## WORK TO BE COMPLETED
Go through the records below and set each one down exactly, leaving out any pictures.

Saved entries
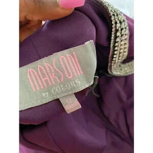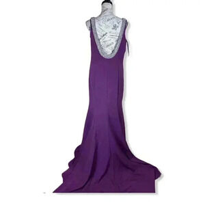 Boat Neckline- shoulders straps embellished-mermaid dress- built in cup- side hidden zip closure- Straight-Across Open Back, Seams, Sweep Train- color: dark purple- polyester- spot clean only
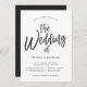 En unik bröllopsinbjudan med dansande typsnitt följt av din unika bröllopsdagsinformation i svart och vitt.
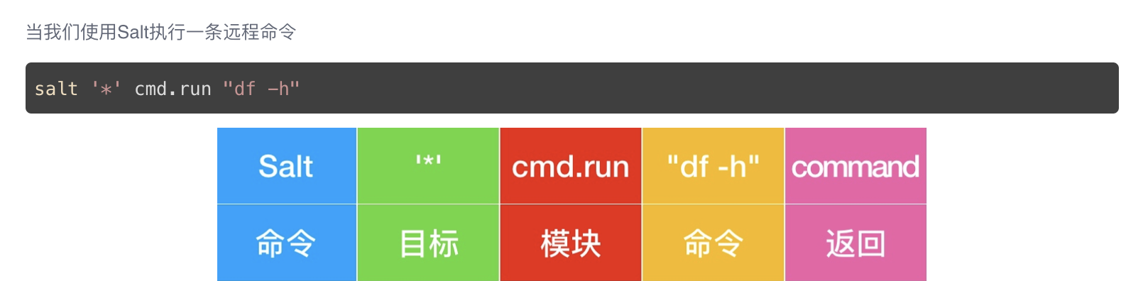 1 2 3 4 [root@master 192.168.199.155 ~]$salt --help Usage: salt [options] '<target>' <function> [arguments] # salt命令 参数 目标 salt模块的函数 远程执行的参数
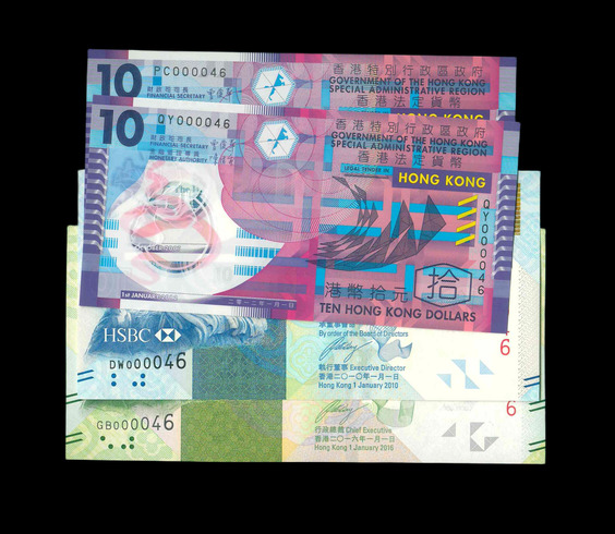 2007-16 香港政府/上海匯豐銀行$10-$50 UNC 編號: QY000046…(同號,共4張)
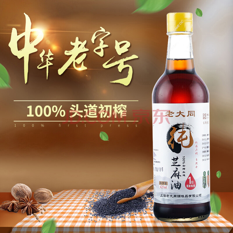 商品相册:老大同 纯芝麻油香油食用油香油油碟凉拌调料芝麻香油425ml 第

## ANSWER SECTION
 Boat Neckline- shoulders straps embellished-mermaid dress- built in cup- side hidden zip closure- Straight-Across Open Back, Seams, Sweep Train- color: dark purple- polyester- spot clean only
 En unik bröllopsinbjudan med dansande typsnitt följt av din unika bröllopsdagsinformation i svart och vitt.
 1 2 3 4 [root@master 192.168.199.155 ~]$salt --help Usage: salt [options] '<target>' <function> [arguments] # salt命令 参数 目标 salt模块的函数 远程执行的参数
 2007-16 香港政府/上海匯豐銀行$10-$50 UNC 編號: QY000046…(同號,共4張)
 商品相册:老大同 纯芝麻油香油食用油香油油碟凉拌调料芝麻香油425ml 第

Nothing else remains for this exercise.